__WHAT TO DO__:
Beginning with the line below that contains "4.待肉片变色后,放入葱块、精盐、味精、米醋、酱油拌炒;" and ending with the line that contains "As carboxipeptidases pertencem", retype every line exactly. Pictures are not copied.
Top of SUPPLIED INFORMATION
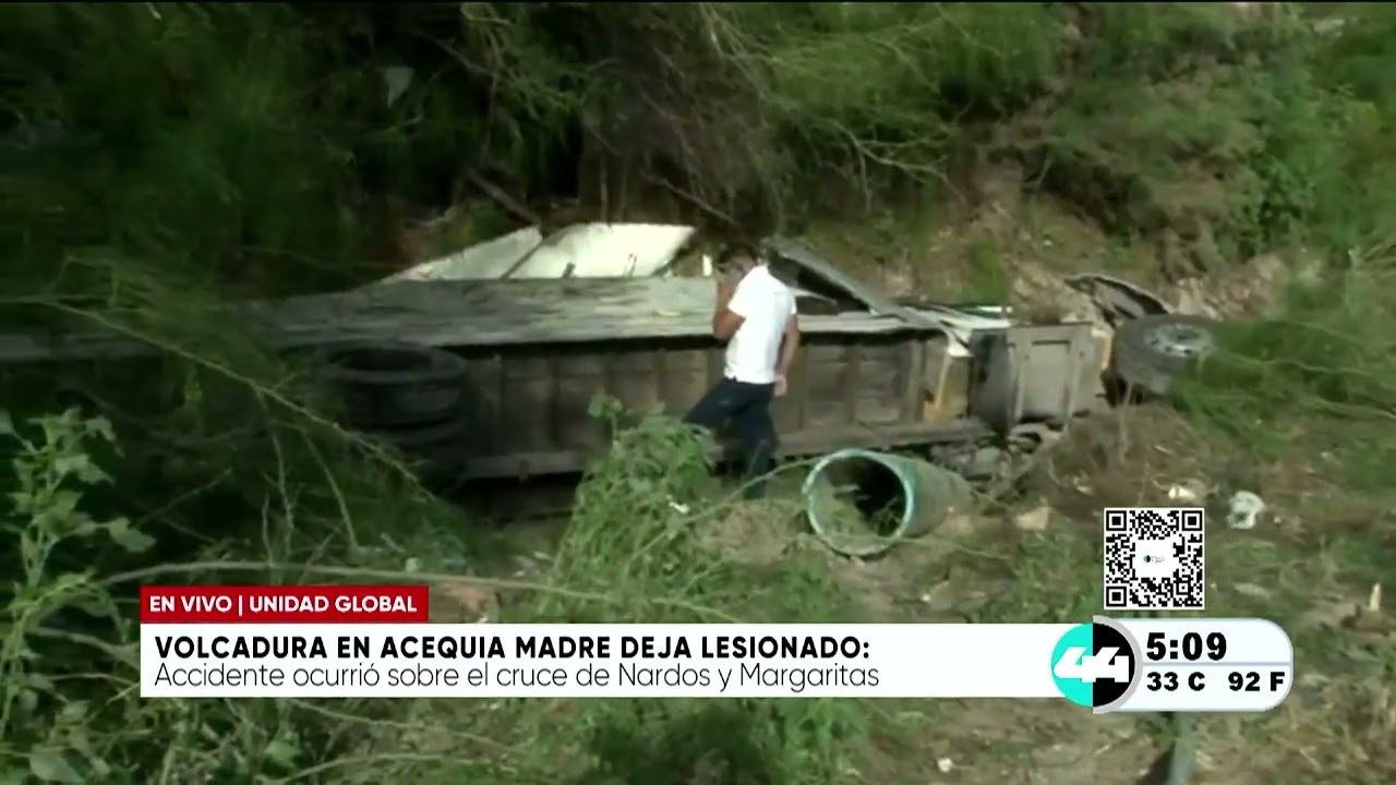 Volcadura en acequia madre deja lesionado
Bottom of SUPPLIED INFORMATION
Top of SUPPLIED INFORMATION
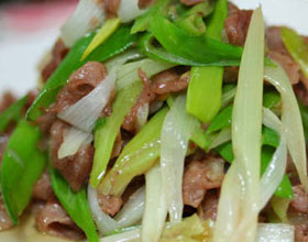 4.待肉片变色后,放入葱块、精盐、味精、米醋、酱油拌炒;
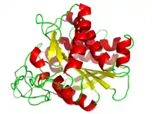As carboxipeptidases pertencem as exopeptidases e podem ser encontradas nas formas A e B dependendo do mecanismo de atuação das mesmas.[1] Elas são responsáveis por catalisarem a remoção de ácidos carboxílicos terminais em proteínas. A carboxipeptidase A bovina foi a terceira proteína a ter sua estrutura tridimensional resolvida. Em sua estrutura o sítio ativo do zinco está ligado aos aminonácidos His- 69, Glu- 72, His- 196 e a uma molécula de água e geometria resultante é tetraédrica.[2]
Bottom of SUPPLIED INFORMATION
Top of SUPPLIED INFORMATION
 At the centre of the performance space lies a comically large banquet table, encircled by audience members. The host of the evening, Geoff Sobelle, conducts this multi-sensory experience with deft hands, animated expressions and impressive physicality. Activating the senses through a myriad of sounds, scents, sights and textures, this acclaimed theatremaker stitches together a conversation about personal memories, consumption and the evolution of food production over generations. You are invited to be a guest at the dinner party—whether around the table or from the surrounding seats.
Bottom of SUPPLIED INFORMATION
__EXPECTED ANSWER__:
 4.待肉片变色后,放入葱块、精盐、味精、米醋、酱油拌炒;
As carboxipeptidases pertencem as exopeptidases e podem ser encontradas nas formas A e B dependendo do mecanismo de atuação das mesmas.[1] Elas são responsáveis por catalisarem a remoção de ácidos carboxílicos terminais em proteínas. A carboxipeptidase A bovina foi a terceira proteína a ter sua estrutura tridimensional resolvida. Em sua estrutura o sítio ativo do zinco está ligado aos aminonácidos His- 69, Glu- 72, His- 196 e a uma molécula de água e geometria resultante é tetraédrica.[2]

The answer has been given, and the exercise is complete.